Mohammed Khalaf Al Habtoor, patron, Habtoor Polo, and chairman, Dubai Polo Gold Cup Series.
© Aline Coquelle / courtesy Assouline

Nacho Figueras, one of the world’s top polo players—he is sometimes known as the “David Beckham of polo”—also famous as a Ralph Lauren model, contributed a preface to the book, which begins by noting that “Winston Churchill used to say, ‘A polo handicap is a passport to the world,’ which to me is the best way to summarize how I feel about polo in just one sentence.”

His fellow Argentinian polo star, Adolfo Cambiaso, who has broken all of the polo world records and holds a near-impossible ten-goal handicap, adds that “In Argentina, polo is more than a simple sport. It is a way of life which goes back generations.”

Assouline

Renowned polo journalist and author Herbert Spencer offers that, “No other game in which one group of players competes against another offers such a combination of power, speed, timing, teamwork and that element of risk which appeals to the average spectator…. The game demands from both man and horse the maximum of strength, agility, endurance and courage.”

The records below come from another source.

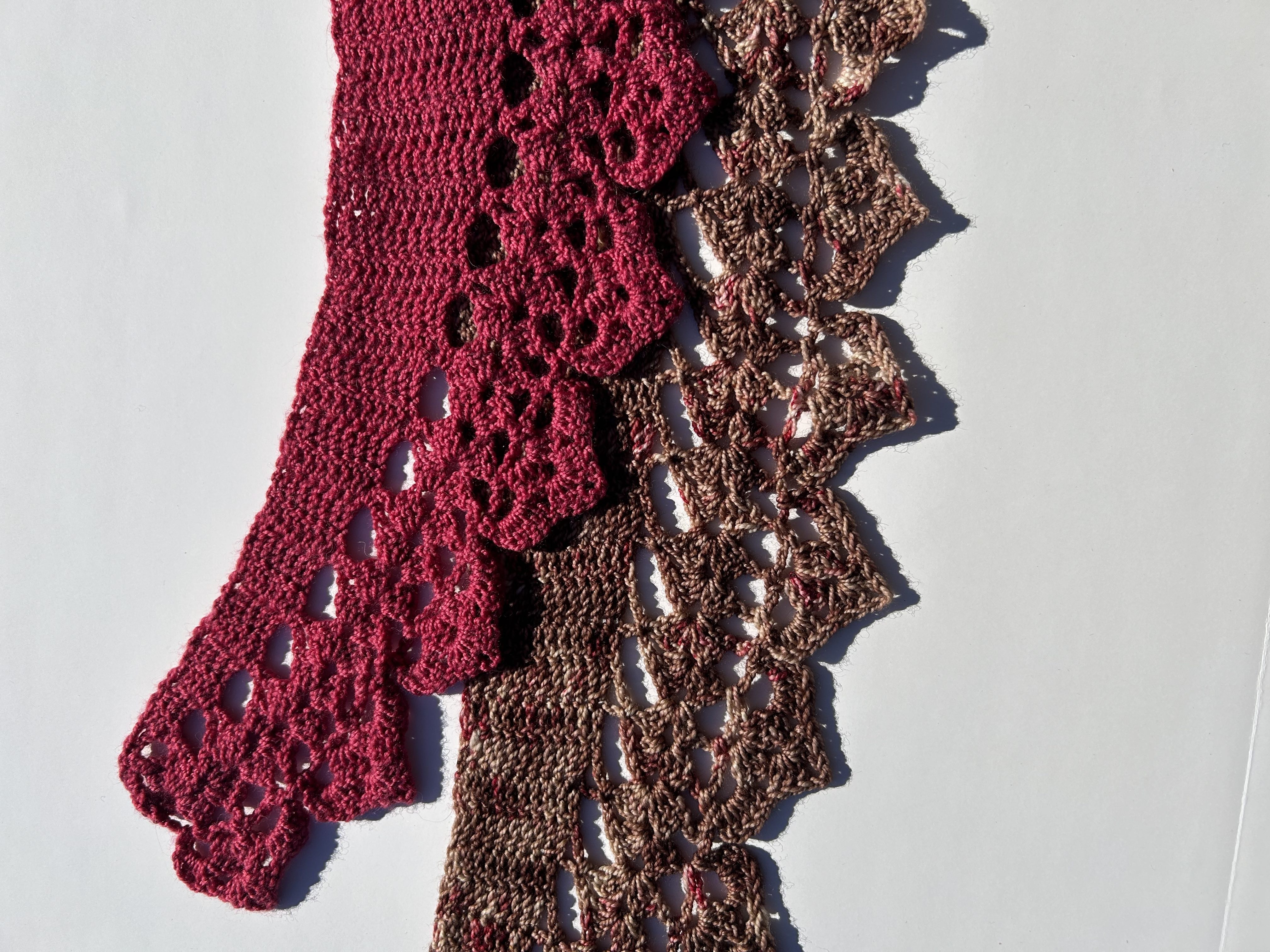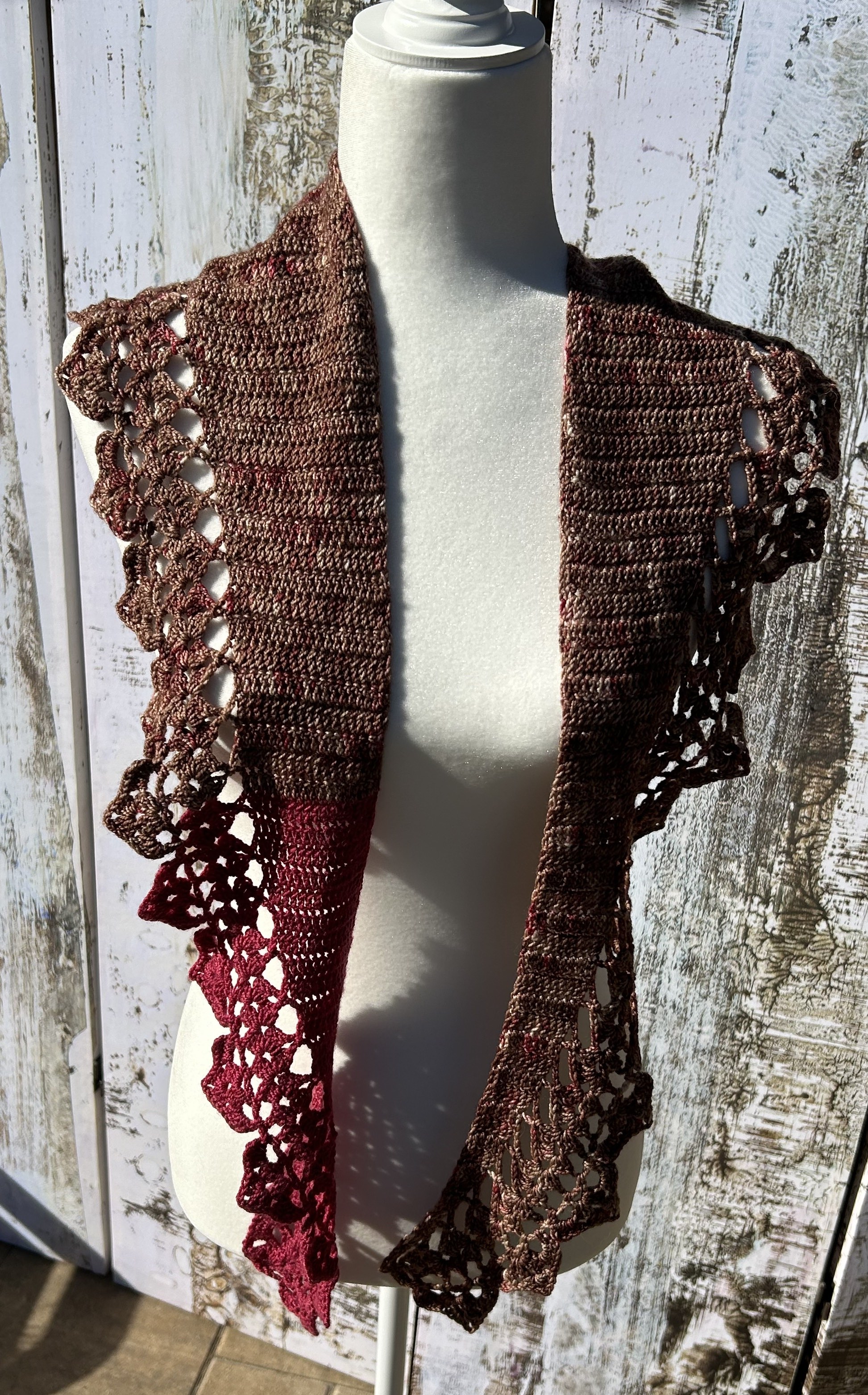 Long and slightly curved stole/scarf in a warm brown with fuschia flecking, a wool blend superwash fingering yarn in
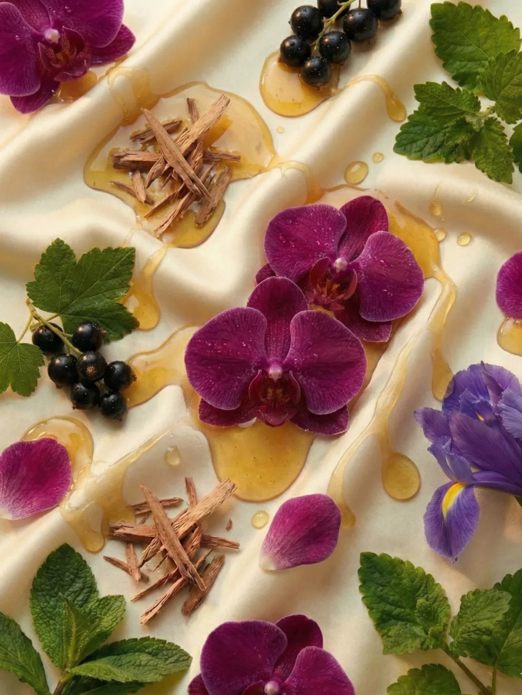 Szívjegyek: Orchidea, Írisz – az illat virágos lelke, amely a nőiességet és az eleganciát testesíti meg.
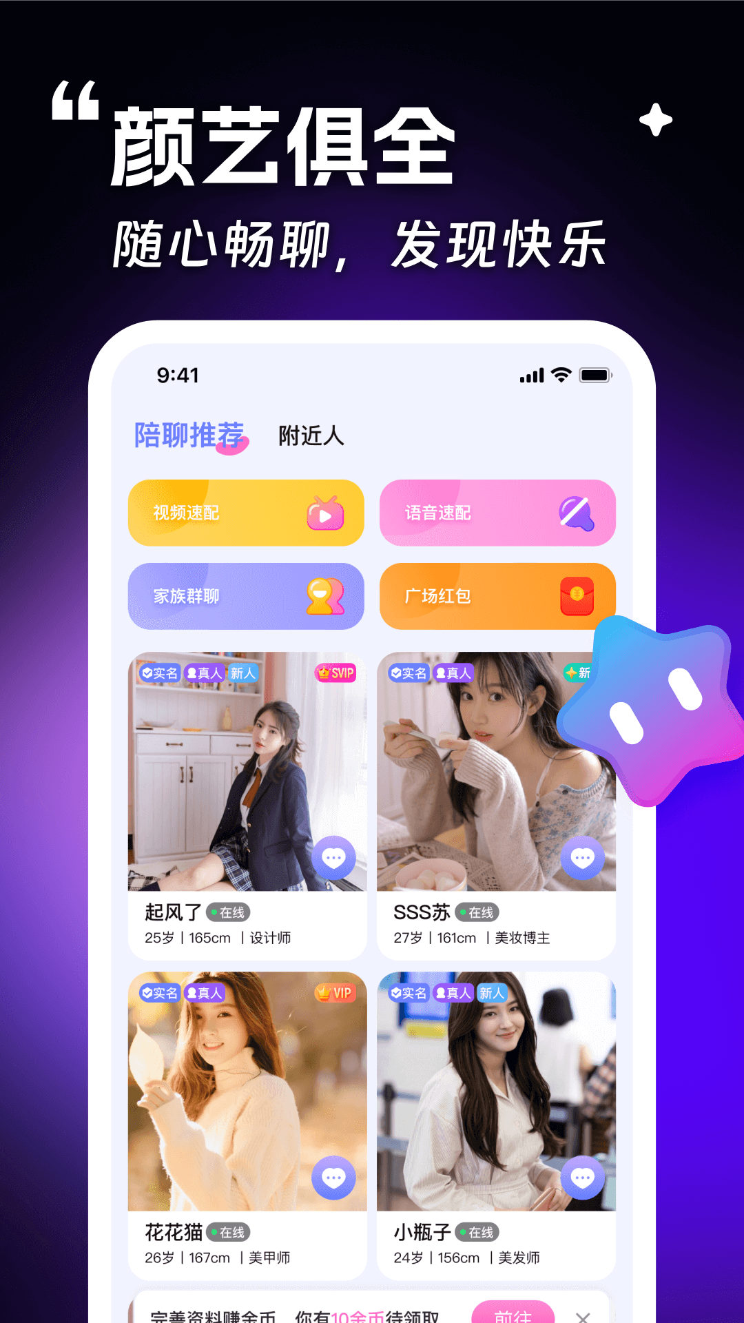 趣约她是一个能让你通过文字、音视频等多种形式,邂逅与自己趣味相投之人的地方。在趣约她的海量用户里,你能够迅速筛选出有趣的人。
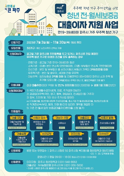 파주시는 7월 3일부터 11월 30일까지 2023년 하반기 청년 전·월세 임차보증금 대출이자 지원사업 신청을 받는다.
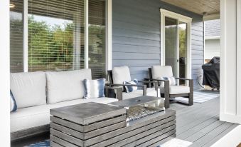 Step outside to your private outdoor oasis, where you can relax, unwind, and watch the sunset. Enjoy al fresco dining on the spacious patio, complete with comfortable seating and a gas grill for your barbecuing pleasure. The outdoor space also features a fire table, ideal for cozy evenings under the stars, and a hot tub where you can soak away your cares.
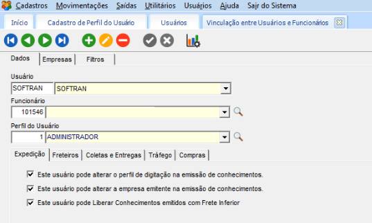 Com o usuário selecionado, para este exemplo utilizamos o SOFTRAN que está cadastrado com o tipo Supervisor (verifique em CFG em Cadastros > Usuários > Usuários) e
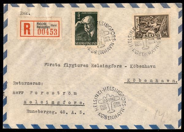 1948 (11 marzo) - Helsinki Kopenhagen - aerogramma raccomandato
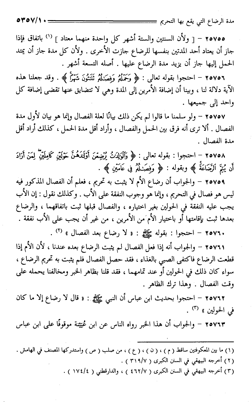 25758 - احتجوا: بقوله تعالى: (والولدت يرضعن أولدهن حولين كاملين لمن أراد أن يتم الرضاعة) وبقوله: (وفصله في عامين).
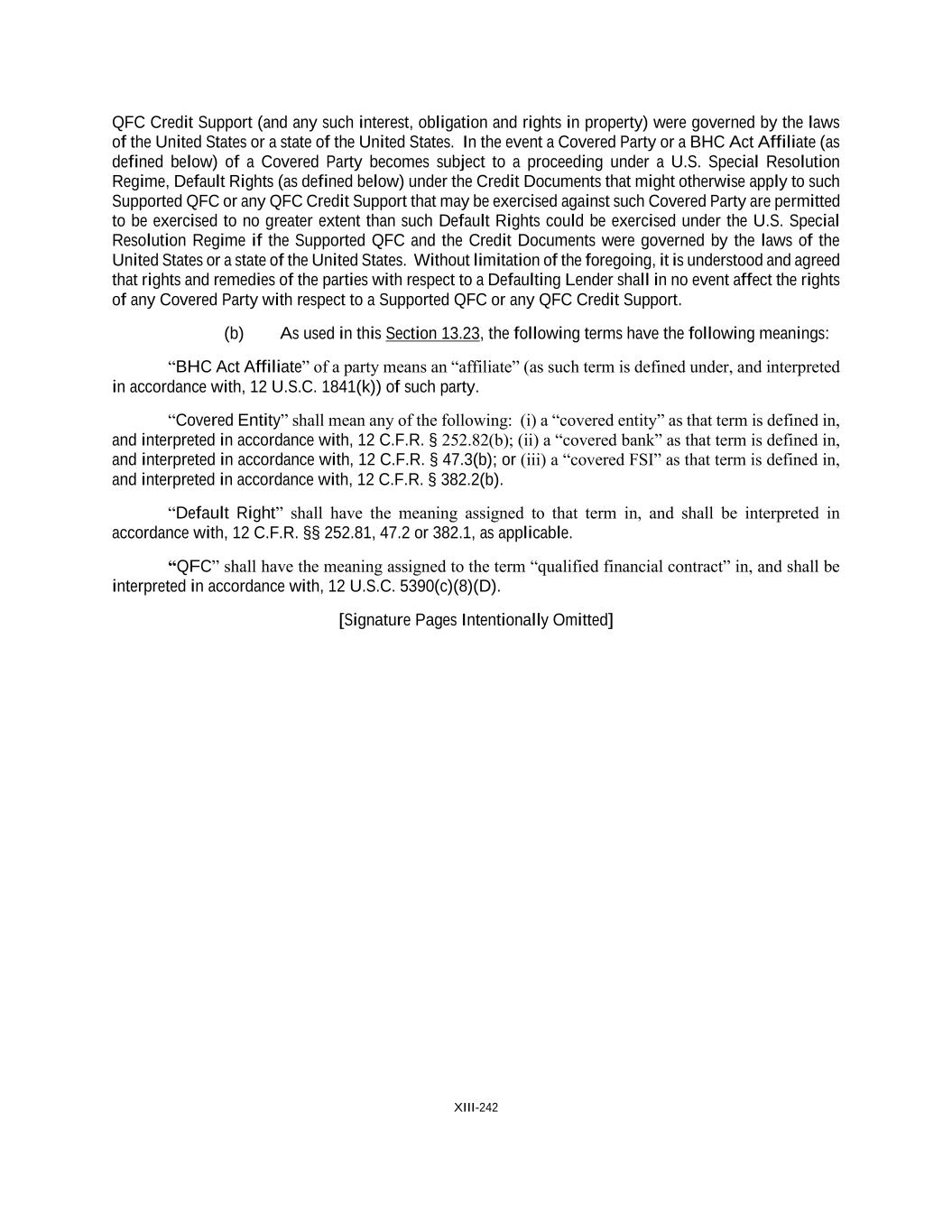 XIII-242 QFC Credit Support (and any such interest, obligation and rights in property) were governed by the laws of the United States or a state of the United States. In the event a Covered Party or a BHC Act Affiliate (as defined below) of a Covered Party becomes subject to a proceeding under a U.S. Special Resolution Regime, Default Rights (as defined below) under the Credit Documents that might otherwise apply to such Supported QFC or any QFC Credit Support that may be exercised against such Covered Party are permitted to be exercised to no greater extent than such Default Rights could be exercised under the U.S. Special Resolution Regime if the Supported QFC and the Credit Documents were governed by the laws of the United States or a state of the United States. Without limitation of the foregoing, it is understood and agreed that rights and remedies of the parties with respect to a Defaulting Lender shall in no event affect the rights of any Covered Party with respect to a Supported QFC or any QFC Credit Support. (b) As used in this Section 13.23, the following terms have the following meanings: “BHC Act Affiliate” of a party means an “affiliate” (as such term is defined under, and interpreted in accordance with, 12 U.S.C. 1841(k)) of such party. “Covered Entity” shall mean any of the following: (i) a “covered entity” as that term is defined in, and interpreted in accordance with, 12 C.F.R. § 252.82(b); (ii) a “covered bank” as that term is defined in, and interpreted in accordance with, 12 C.F.R. § 47.3(b); or (iii) a “covered FSI” as that term is defined in, and interpreted in accordance with, 12 C.F.R. § 382.2(b). “Default Right” shall have the meaning assigned to that term in, and shall be interpreted in accordance with, 12 C.F.R. §§ 252.81, 47.2 or 382.1, as applicable. “QFC” shall have the meaning assigned to the term “qualified financial contract” in, and shall be interpreted in accordance with, 12 U.S.C. 5390(c)(8)(D). [Signature Pages Intentionally Omitted]
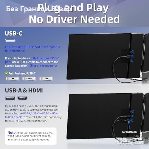 Нов 14 инча IPS FHD 1080P HDMI/USB-A/Type-C Лаптоп Монитор Екстендер
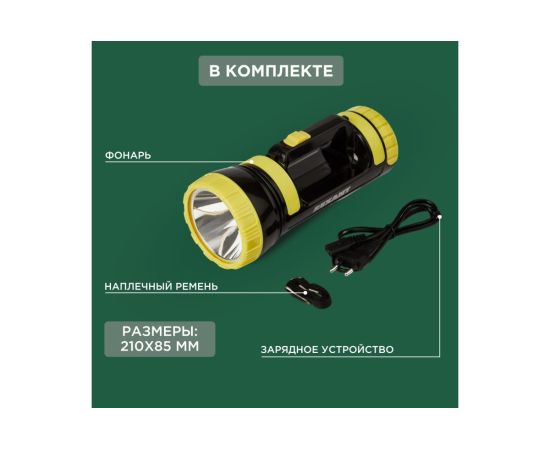 Благодаря емкому аккумулятору, фонарь может работать на протяжении 5 часов без подзарядки.
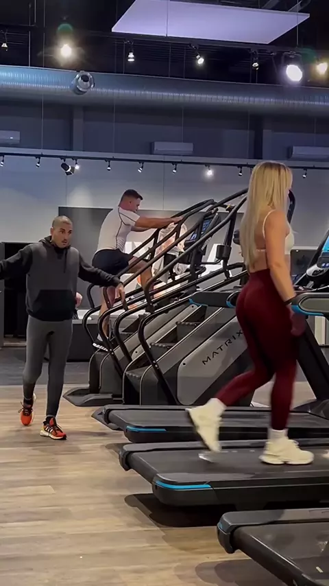 "Desastre no ginásio! O sujeito tenta usar a esteira, mas acaba tropeçando e caindo de forma hilária!" #gymfail #gym #kwai #viral #fyp

However, not all of polo’s most important figures are men. British model, racing driver and TV personality Jodie Kidd is one of the world’s best known players. As is Clare Mountbatten, Marchioness of Milford Haven, who has been playing for nearly 25 years. “I love the horses, the speed, the skill, the competition, the camaraderie and the lifestyle,” she writes. “Win or lose, I always come off the field feeling elated in some way.”